Open akuzin1 opened 1 year ago
@akuzin1 Thanks for the feature request! This recall an old request previously: https://github.com/opendistro-for-elasticsearch/sql/issues/1151. @acarbonetto is adding OpenSearch meta field support to our SQL engine. I'm thinking can we support this as part of meta field work.
Sounds good, that would be great to see. Is there an estimated timeline for when this feature would be released? Thank you
@acarbonetto @Yury-Fridlyand @MaxKsyunz ^^
This will be a dependency for https://github.com/opensearch-project/sql/issues/1441
The API on OpenSearch side is _routing
which we should consider using instead of _shard
(or both!)
Hi! Saw that the label was changed to "Priority-High" which is great to see, so wanted to check in and see if there is an estimated date for delivering of this feature? Thank you.
Hi! Saw that the label was changed to "Priority-High" which is great to see, so wanted to check in and see if there is an estimated date for delivering of this feature? Thank you.
Target release is 2.10 at the moment. Hoping to get this in a little sooner.
Proposal for setting routing
field on the search request. There's two ways forward that I'd like to propose. But first a little contexts:
The objective of the partition/routing shard is to include the routing ID in the SearchRequest builder.
Example:
new SearchRequest()
.indices(indexName.getIndexNames())
.routing(routingId.getIndexNames())
.scroll(scrollTimeout)
.source(sourceBuilder);
Getting the routing id(s) from the initial query into pushdown can take one of two obvious routes.
Syntax addition, includes a new json parameter only available in the V2 engine.
{
"query": "select _id, _index, _routing, int0 from calcs_routing limit 5",
"routing": "FURNITURE"
}
This includes an opensearch-similar API to target individual or lists of shards. The string will accept a comma-separated list of shard ID targets.
To get the request into OpenSearchRequest as part of pushdown requires that we create an AbstractPlan, LogicalPlan and PhysicalPlan operator like the Paginate and LogicalPaginate operators. This would allow us to pushdown a routingId string into the OpenSearchIndexScanQueryBuilder during execution. We would create Partition operators in a similar manner as the Pagination operators without much business logic. Reference to how paginate works: https://github.com/opensearch-project/sql/blob/main/docs/dev/Pagination-v2.md#unresolved-query-plan
Considerations: we may consider combining Paginate and Partition into a single set of operators, and call them something like PushDownConfiguration
and push all the parameters at once. This would allow us to scale by configuration values without needing to add more operators.

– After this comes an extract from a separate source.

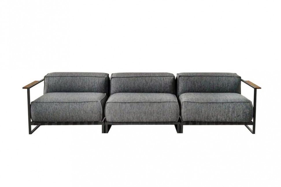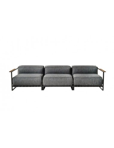 Coussins d'assise et de dossier en tissu de couleur gris foncé, bandes en polyester gris foncé, structure en acier peint en poudre couleur graphite avec inserts en bois.

FROM table PARTITION (key, key, ...)
syntaxAs defined in https://dev.mysql.com/doc/refman/8.0/en/partitioning-selection.html, MySQL (and other SQL engines) allows a query to target a specific partition by id. This also allows for multiple ids in the PARTITION function.
{
"query": "select _id, _index, _routing, int0 from calcs_routing PARTITON(\"FUNITURE, OFFICE SPACE\") limit 5"
}
Update the parser syntax to allow for the PARTITION function in the FROM clause.

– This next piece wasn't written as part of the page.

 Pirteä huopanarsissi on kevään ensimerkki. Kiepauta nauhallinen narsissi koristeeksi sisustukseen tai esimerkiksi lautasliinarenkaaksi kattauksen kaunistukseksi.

Ultimately, to get the routing ID(s) into the SearchRequest, we need to add the PARTITON keys to to IndexScan (which extends Table). Then in the IndexScanBuilder, send the routing ID(s) to the SearchRequest.
To accomplish this, we could push the partition keys into the Table (OpenSearchIndexScan) as partition keys during the analysis phase. On pushdown, the partition keys would be part of the IndexScan and could semi-easily push down to the OpenSearchRequest as part of the Index.
OpenSearchIndex already has the concept of an Index, and Routing Keys would have the same architecture:
Will there be a new projected release target for this feature, @acarbonetto? I see it was targeted for 2.11 and 2.12 is being released soon. Can this make 2.13, perhaps?
Is your feature request related to a problem?
In MySQL one can retrieve partition information about a table, which can later be used to target specific partitions during query execution.
The following is an example of a query that can be used to retrieve partition information of a specific table.
Next is an example of a query targeting a specific partition in a table.
SELECT * FROM table PARTITION (partitionName);
When applying this to opensearch, partitions could be treated as the equivalent of shards for our use case.
What solution would you like? It would be great to be able to treat shards in Opensearch as the equivalent to MySQL Partitions and be able to query individual shards.
What alternatives have you considered? We've considered generating splits based on hashing a key or tuple of keys and then modulo that against some fixed number of splits that we want to generate.
However, it doesn't seem like there is a hashing function like that available.
Therefore, the above mentioned solution would be a great behavior to add for all sql users, to more closely mimic the behavior and syntax of MySQL.